You may think I’m talking about a loser boyfriend, but I'm not; I’m talking about money.

Your relationships with money and with other people share similarities. Some people have a healthy and vibrant financial life, while others consider that a wishful fantasy. If your financial life could use an overhaul, here are five tips to confront the issues and leave that loser behind.

1. Ditch the idea that your financial situation will repair itself with time.

Personal finance author Dave Ramsey says, “The only difference in you now from the you ten years from now will be the books you read and the people you meet.” If you can’t manage a budget today, you probably won’t be able to a year from now just because you're older. We need new information, new people, and new inspiration to transform our negative habits. So go learn how to take control of your financial future—with skills like how to build a budget—today.

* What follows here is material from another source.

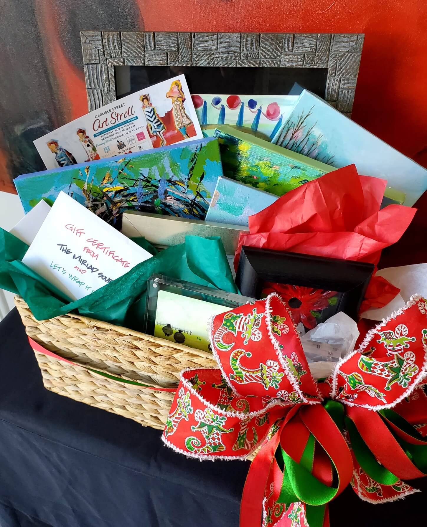TWO Consecutive Saturdays in 2025! Unprecedented in Columbia – A Holiday Art Stroll on two consecutive Saturdays and a Thursday evening, an evening which pays homage to how this Capital City tradition began… One night in November, over a decade ago, painters in communal studios on Carlisle Street adorned their canvases and gallery walls, invited friends & family to gather and neighborhood mantels were transformed overnight. Hence the lore of the Carlisle Street District began, a single block which has grown from three to eight creative small businesses. This year’s 3-day format adapts to Columbia residents and day-trippers alike by offering alternative shopping days and hours to fit into busy holiday and work schedules. “This year, original paintings by 40 Columbia artists may be explored on your tour of 8 participating businesses, which are 100% locally woman owned. Collectively, our complementary businesses readily accommodate both residential and commercial design needs.” --OTM Gallery Owner & Art Stroll Organizer Julie Coffey NEW! Enter our GALLERY WALL GIVEAWAY, a gift basket loaded with original paintings and gift certificates donated by Carlisle Street artists and businesses. Inquire in person at any participating business. Must be present to enter. Winner will be announced Mon., Nov. 17. Participating businesses: Majure Decor, Over the Mantel (OTM) Gallery, Viridian Gallery & Studio, The Collective, The Drapery Shop by Jodi Jenkins Designs, The Mad Platter, The Miriad Source & Let’s Wrap it Up!

2. Stop taking money advice from people who don’t have any.

When it comes to relationships, seek out the best advice possible. If you want a long-lasting, love-filled, and over-the-top-crazy-in-love marriage, seek advice from someone who is in one, not those who have been remarried three times in the past decade.

The same goes for your money. If you want to be financially secure and in control, stop seeking advice from broke people and irresponsible spenders. Identify someone you know who manages money well, take them out to coffee, and ask them to mentor you. Or find a trusted and affordable financial advisor in your area.

3. Break the chains of spontaneous spending.

You can be thrifty with your money without turning into the Grinch. When you create your monthly budget, set aside some “fun money.” Fun money is unplanned money spent for that gum at the counter or those shoes you simply can’t resist. These situations will arise, so budget for them responsibly before spending a dime.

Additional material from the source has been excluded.